WHAT IS BEING ASKED: Keep to one stretch of the data below, the lines from the one with "50° di ordinazione" up to and including the one with "Set of four", and return that stretch exactly.

PROVIDED DATA:

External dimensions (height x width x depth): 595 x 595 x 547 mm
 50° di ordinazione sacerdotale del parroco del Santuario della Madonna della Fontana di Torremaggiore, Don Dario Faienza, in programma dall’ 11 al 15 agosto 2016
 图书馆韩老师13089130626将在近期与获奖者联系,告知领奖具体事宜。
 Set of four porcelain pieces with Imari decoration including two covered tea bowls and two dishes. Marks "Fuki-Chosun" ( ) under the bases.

--

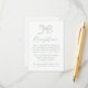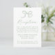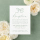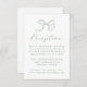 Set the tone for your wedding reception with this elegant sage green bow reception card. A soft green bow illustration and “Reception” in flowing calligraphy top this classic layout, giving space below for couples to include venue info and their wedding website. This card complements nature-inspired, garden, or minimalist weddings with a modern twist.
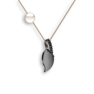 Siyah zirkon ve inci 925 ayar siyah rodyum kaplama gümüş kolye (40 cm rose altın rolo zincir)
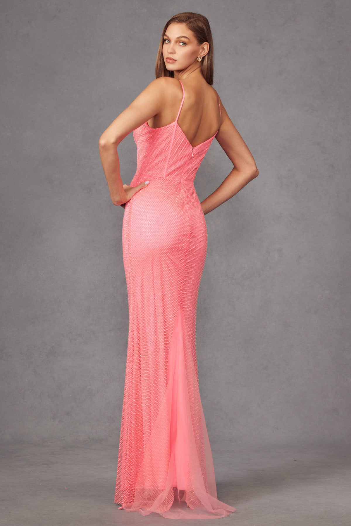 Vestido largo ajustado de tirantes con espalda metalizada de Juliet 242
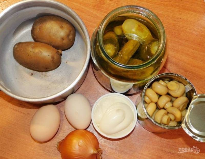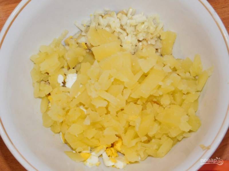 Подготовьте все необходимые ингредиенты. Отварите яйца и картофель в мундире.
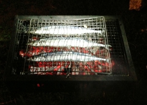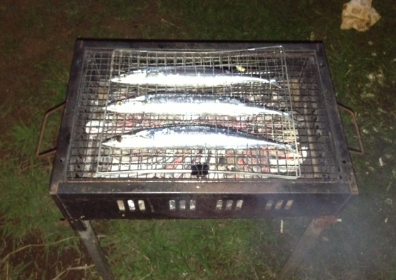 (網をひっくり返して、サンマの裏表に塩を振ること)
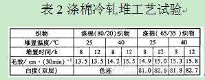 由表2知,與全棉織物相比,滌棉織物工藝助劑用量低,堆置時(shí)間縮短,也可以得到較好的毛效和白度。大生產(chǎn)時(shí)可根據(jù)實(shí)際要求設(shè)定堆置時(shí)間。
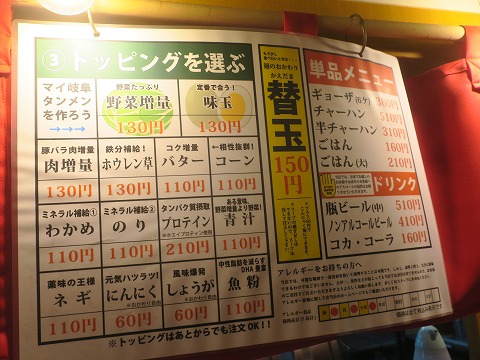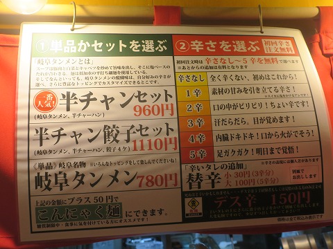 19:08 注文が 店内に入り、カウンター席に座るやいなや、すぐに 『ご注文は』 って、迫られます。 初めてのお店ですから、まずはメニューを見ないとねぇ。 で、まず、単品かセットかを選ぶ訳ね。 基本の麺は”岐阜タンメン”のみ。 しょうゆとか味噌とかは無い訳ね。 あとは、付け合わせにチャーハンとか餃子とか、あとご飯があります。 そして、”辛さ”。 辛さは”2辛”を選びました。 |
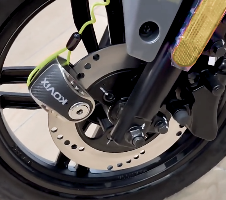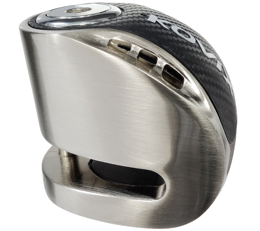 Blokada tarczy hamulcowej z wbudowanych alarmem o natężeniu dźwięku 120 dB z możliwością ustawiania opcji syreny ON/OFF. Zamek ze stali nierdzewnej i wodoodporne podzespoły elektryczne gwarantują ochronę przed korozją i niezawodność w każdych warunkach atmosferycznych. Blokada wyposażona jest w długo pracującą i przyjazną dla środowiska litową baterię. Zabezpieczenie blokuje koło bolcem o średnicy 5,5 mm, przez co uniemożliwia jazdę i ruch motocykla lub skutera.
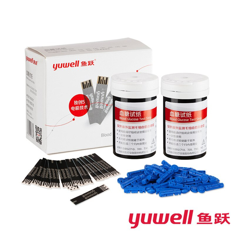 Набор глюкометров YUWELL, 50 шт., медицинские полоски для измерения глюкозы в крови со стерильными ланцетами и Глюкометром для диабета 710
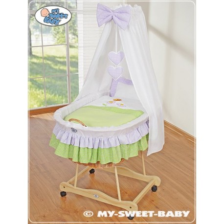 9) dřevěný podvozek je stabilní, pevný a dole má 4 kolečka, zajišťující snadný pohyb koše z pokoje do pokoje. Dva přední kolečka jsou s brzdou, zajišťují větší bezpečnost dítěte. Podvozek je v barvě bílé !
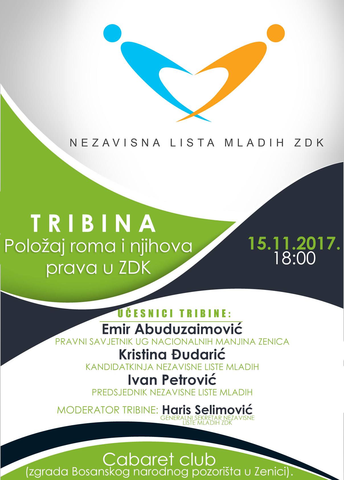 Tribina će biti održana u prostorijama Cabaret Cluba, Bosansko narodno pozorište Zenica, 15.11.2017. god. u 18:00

ANSWER:
 50° di ordinazione sacerdotale del parroco del Santuario della Madonna della Fontana di Torremaggiore, Don Dario Faienza, in programma dall’ 11 al 15 agosto 2016
 图书馆韩老师13089130626将在近期与获奖者联系,告知领奖具体事宜。
 Set of four porcelain pieces with Imari decoration including two covered tea bowls and two dishes. Marks "Fuki-Chosun" ( ) under the bases.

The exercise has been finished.